To test your Native 3DS implementation, use the 3DS Test Cards in your sandbox environment. These cards allow you to simulate various outcomes, including frictionless authentication, mandatory challenges, and specific failure states.

### Test cards

#### Visa

| Card Number           | Expected 3DS Outcome                                           |
| --------------------- | -------------------------------------------------------------- |
| `4000 0000 0000 0010` | Frictionless Success: Authenticated without user interaction.  |
| `4000 0000 0000 0028` | Challenge Required: Triggers a 3DS challenge UI.               |
| `4000 0000 0000 0044` | Authentication Failed: Simulates a "Not Authenticated" result. |
| `4000 0000 0000 1042` | Rejected: The authentication request was explicitly rejected.  |

#### Mastercard

| Card Number           | Expected 3DS Outcome                                                       |
| --------------------- | -------------------------------------------------------------------------- |
| `5100 0000 0000 0010` | Challenge Required: Triggers a 3DS challenge UI.                           |
| `5200 0000 0000 2052` | Frictionless Success: Authenticated without user interaction.              |
| `5200 0000 0000 1039` | Unavailable: Simulates a scenario where 3DS is not available for the card. |
| `5100 0000 0000 0065` | Suspected Fraud: Frictionless failure due to suspected fraud.              |

#### American Express

| Card Number          | Expected 3DS Outcome                                          |
| -------------------- | ------------------------------------------------------------- |
| `3415 0209 8634 895` | Frictionless Success: Authenticated without user interaction. |
| `3486 3826 7931 507` | Challenge Required: Triggers a 3DS challenge UI.              |
| `3456 9539 9207 589` | Authentication Failed: Frictionless failure.                  |

### Challenge screen inputs

When a challenge is triggered, use the following values to simulate different transaction results.

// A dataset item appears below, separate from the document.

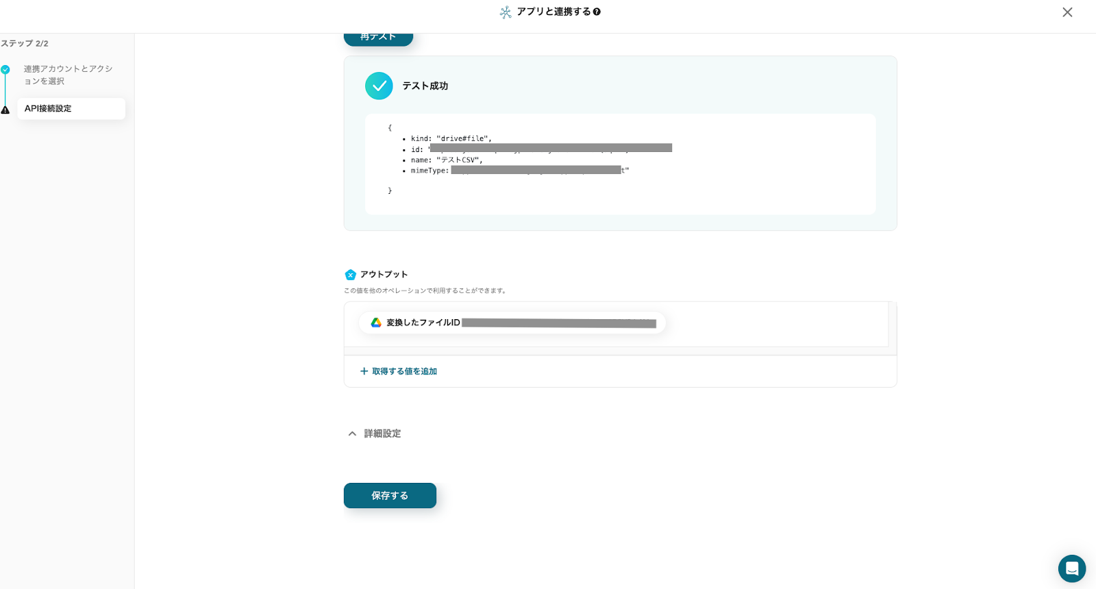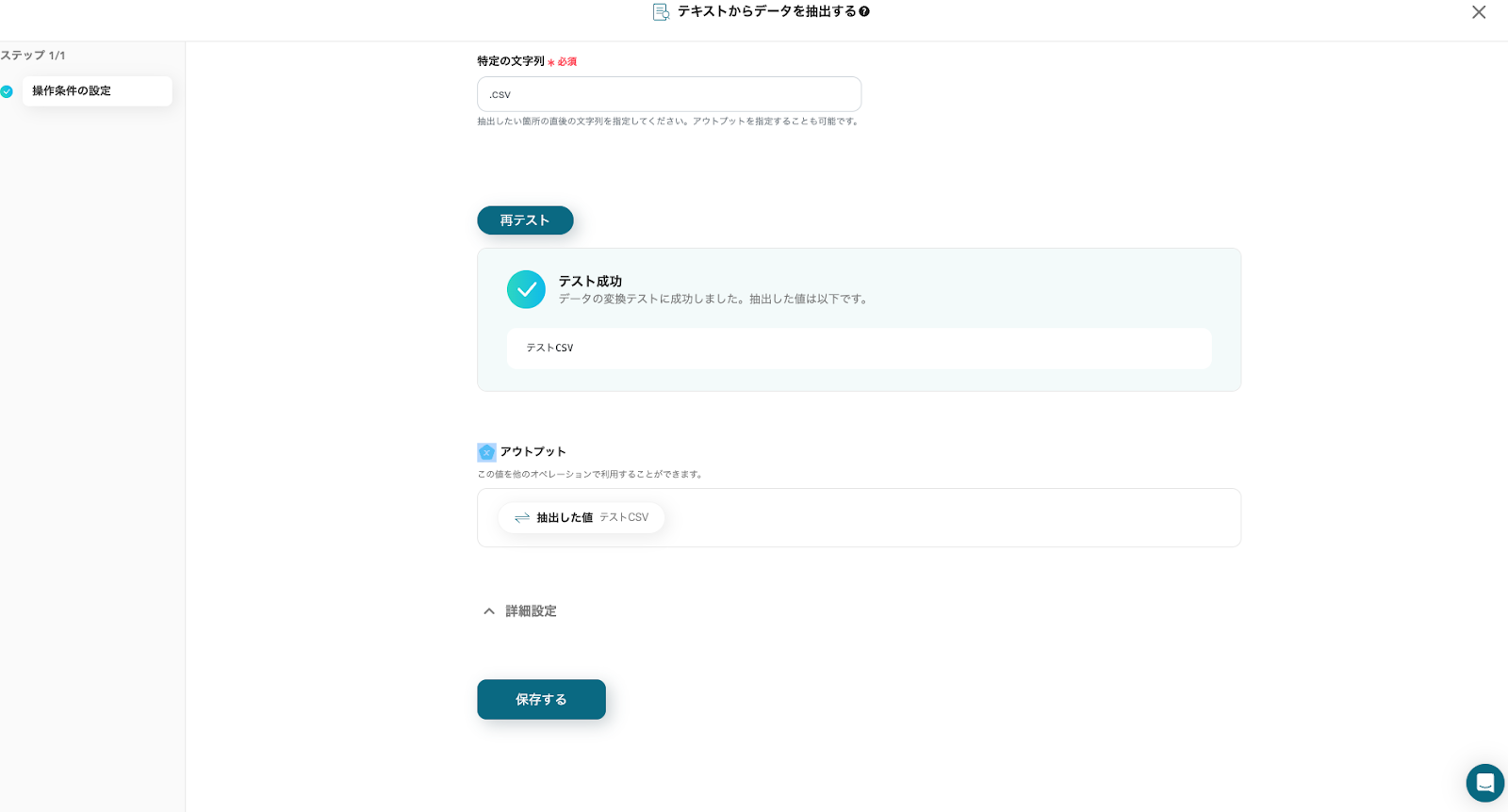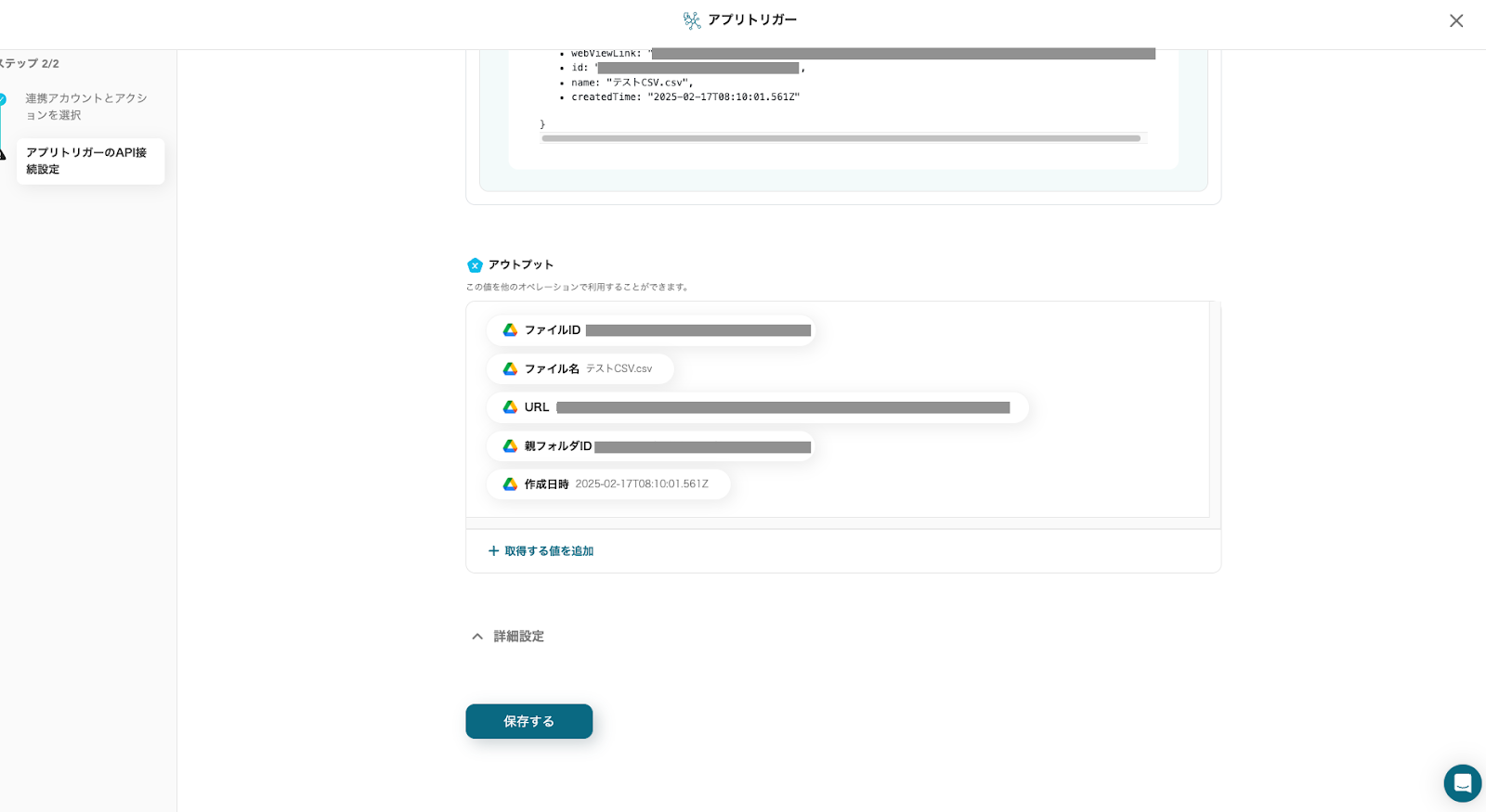 アウトプット(取得した値)を確認し、「保存する」をクリックしてください。

#### OTP (One-Time Password)

When the challenge screen asks for a code, enter one of the following:

| OTP Code | Resulting Transaction Status | Description                       |
| -------- | ---------------------------- | --------------------------------- |
| `1234`   | Y                            | Success / Authenticated.          |
| `1111`   | N                            | Not Authenticated.                |
| `2222`   | R                            | Rejected.                         |
| `3333`   | U                            | Unavailable / Unable to complete. |

#### Selection options

Some challenges may present a list of options (for example, "Select your favorite city").

**Single-select**

* Paris or Nice: Returns Success (Y).

**Multi-select**

* Paris & Lyon: Returns Success (Y).
* Toulouse & Lyon: Returns Success (Y).

### Best practices for testing

1. Verify UI transitions: Ensure your app correctly transitions from the card entry screen to the 3DS challenge modal and back.
2. Test error states: Use the "Rejected" or "Failed" cards to ensure your app displays helpful messaging to the user when a card cannot be verified.
3. Check authentication outcome: After a successful test, verify that the `authentication` object in your callback reflects the expected result before attempting the final transaction.